How will CEAA review panels interpret “directly affected” and “interested party”? Alberta provides some clues

November 12th, 2012 by Laura Bowman

The new federal Canadian Environmental Assessment Act, 2012 (CEAA 2012) has adopted new criteria for standing at review panel hearings that includes the words “directly affected”.  The Kelly series of cases from Alberta help shed some light on the meaning of that requirement and how it might develop at the federal level.  Under CEAA 2012 review panels will decide what it means, but will be subject to supervision by the courts.

Some are aware that Alberta has narrowly interpreted the term “directly affected” historically.  The Kelly cases shed some light on things review panels will need to be mindful about in interpreting standing under CEAA 2012.  The Kelly cases arise from Alberta landowner Susan Kelly’s incredible battle for standing before the Alberta Energy Resources Conservation Board (ERCB) to oppose nearby sour gas wells that the ERCB openly acknowledged could kill her in an accident.  The ERCB denied her standing at these hearings on the grounds that her rights were not directly and adversely affected by the risk of death. (The actual response the ERCB gave her denying standing is at para 13 of this ABCA decision in which the standing decision of the ERCB was overturned.) These Alberta Court of Appeal cases are slowly eroding the narrow interpretation of the terms in the ERCB legislation and have implications for how the interpretation of similar terms found in the standing provisions under CEAA 2012.

The latest Kelly case revolved around the ERCB’s interpretation of s.28 of the Energy Resources Conservation Act (RSA 2000, c E-10) which provides the ERCB with authority to award costs to hearing participants.  The ERCB had denied a cost award to Kelly et al on the basis that section 28 only provides the Board with authority to grant costs to a hearing participant where there is evidence to demonstrate an energy project may have a “direct and adverse impact” on that person’s land.  The peculiar result of this ERCB ruling was the Board’s view that a hearing participant who could only demonstrate potential impacts to her health or safety or use of her own land, but not harm to the land itself would not qualify for a costs award.

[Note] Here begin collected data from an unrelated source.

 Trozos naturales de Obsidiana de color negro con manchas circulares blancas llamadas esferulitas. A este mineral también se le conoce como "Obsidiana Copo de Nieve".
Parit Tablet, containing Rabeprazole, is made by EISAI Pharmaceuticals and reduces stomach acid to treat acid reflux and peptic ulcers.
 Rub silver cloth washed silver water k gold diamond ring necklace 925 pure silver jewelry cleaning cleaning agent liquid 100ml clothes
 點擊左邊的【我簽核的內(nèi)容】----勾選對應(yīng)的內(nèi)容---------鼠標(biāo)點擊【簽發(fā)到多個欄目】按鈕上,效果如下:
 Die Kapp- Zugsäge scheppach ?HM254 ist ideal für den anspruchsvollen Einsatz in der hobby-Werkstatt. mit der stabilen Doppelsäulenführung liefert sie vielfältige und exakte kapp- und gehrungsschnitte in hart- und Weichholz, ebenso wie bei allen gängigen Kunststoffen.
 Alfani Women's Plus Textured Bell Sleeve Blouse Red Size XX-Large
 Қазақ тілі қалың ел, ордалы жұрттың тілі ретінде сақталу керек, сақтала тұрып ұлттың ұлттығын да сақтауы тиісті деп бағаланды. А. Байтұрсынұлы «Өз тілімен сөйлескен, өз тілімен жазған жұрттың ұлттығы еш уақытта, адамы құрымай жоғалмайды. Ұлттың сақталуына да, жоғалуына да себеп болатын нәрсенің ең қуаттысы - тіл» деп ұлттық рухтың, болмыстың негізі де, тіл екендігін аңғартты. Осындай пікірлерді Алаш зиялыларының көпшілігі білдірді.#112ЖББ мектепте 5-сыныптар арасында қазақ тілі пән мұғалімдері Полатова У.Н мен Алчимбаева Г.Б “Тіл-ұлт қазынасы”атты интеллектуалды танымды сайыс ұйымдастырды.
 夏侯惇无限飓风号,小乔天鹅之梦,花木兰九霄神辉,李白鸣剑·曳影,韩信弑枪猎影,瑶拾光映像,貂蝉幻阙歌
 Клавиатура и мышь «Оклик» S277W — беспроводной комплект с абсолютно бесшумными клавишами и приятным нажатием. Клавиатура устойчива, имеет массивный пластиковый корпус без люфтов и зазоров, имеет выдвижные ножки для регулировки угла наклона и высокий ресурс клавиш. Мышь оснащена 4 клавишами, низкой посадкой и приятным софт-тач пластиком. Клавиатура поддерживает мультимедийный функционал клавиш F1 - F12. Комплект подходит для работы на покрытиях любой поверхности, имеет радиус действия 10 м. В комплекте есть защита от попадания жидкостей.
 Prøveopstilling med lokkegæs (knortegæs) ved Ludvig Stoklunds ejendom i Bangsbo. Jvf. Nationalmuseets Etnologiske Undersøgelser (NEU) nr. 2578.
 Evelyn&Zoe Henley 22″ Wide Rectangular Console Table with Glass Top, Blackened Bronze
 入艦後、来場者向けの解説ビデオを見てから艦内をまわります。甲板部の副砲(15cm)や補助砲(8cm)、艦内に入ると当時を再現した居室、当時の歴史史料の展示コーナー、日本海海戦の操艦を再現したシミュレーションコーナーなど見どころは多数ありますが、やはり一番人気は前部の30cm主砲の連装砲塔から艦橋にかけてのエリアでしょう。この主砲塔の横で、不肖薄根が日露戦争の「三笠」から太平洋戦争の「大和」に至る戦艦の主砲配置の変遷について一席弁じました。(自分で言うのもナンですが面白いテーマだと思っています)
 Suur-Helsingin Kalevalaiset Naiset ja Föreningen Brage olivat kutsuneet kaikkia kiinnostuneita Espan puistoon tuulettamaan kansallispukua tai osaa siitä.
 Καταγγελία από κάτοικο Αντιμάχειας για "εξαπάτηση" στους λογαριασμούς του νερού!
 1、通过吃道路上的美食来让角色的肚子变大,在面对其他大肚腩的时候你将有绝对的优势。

The Court of Appeal issued its decision in Kelly v Alberta (Energy Resources Conservation Board), 2012 ABCA 19 on January 23, 2012.  The Court ruled that the ERCB’s interpretation of section 28 was unreasonable.  The Court also provided commentary as follows:

…  In today’s Alberta it is accepted that citizens have a right to provide input on public decisions that will affect their rights.

In the process of development, the Board is, in part, involved in balancing the interest of the province as a whole, the resource companies, and the neighbors who are adversely affected: Re Suncor Energy Inc., Energy Cost Order 2007-001 at pp. 10-11.  Granting standing and holding hearings is an important part of the process that leads to development of Alberta’s resources.  The openness, inclusiveness, accessibility, and effectiveness of the hearing process is an end unto itself.  …  [emphasis added at paras 33, 34]

Although the language of the ERCB statute is different from CEAA 2012, the Alberta Court of Appeal has developed an important body of recent caselaw around standing and costs at environmental hearings that will be increasingly relevant to broadening the interpretation of standing requirements at the federal level.  For more on the Kelly cases before the Alberta Court of Appeal see Shawn Fluker’s very interesting blog at U Calgary.  Also significant may be the pending Judicial Review of a decision by the Alberta Environmental Appeals Board (EAB) in Alberta Wilderness Association et al. v. Environmental Appeals Board  to be heard by the court on January 8, 2013.   This case will cover how to proceed when no parties are directly affected under the EAB’s statute.